── Provided data

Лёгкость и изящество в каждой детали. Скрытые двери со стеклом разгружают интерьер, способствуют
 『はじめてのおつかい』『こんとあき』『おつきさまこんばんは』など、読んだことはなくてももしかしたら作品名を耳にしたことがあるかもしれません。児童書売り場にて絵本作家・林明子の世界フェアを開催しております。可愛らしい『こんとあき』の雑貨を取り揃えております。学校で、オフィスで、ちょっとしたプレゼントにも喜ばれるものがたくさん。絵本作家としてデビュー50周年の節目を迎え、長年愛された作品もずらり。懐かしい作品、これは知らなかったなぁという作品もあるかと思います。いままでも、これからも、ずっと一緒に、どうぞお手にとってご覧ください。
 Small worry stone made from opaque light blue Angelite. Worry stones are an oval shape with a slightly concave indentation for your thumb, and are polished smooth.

────
── Provided data

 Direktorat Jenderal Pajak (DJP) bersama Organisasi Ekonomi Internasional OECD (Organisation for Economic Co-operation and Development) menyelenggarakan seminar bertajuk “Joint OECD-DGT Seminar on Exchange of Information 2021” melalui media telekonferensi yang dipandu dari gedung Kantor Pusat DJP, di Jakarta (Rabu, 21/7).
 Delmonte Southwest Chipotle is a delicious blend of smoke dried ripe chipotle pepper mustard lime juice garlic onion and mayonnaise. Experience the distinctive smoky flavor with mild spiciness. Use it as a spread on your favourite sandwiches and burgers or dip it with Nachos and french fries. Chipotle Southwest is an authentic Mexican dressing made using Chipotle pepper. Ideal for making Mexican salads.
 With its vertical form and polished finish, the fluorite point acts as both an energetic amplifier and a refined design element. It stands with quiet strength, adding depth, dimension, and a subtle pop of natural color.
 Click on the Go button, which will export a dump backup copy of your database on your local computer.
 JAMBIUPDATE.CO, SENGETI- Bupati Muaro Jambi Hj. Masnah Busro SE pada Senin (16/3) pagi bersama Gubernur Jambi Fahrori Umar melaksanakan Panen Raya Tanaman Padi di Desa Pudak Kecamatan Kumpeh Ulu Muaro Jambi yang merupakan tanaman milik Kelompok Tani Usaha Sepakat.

────

> _What you need to do_
Print exactly the lines of the listing above starting at the line containing "Click on the" and ending at the line containing "JAMBIUPDATE.CO, SENGETI- Bupati", both included.

> _Solved exercise_
 Click on the Go button, which will export a dump backup copy of your database on your local computer.
 JAMBIUPDATE.CO, SENGETI- Bupati Muaro Jambi Hj. Masnah Busro SE pada Senin (16/3) pagi bersama Gubernur Jambi Fahrori Umar melaksanakan Panen Raya Tanaman Padi di Desa Pudak Kecamatan Kumpeh Ulu Muaro Jambi yang merupakan tanaman milik Kelompok Tani Usaha Sepakat.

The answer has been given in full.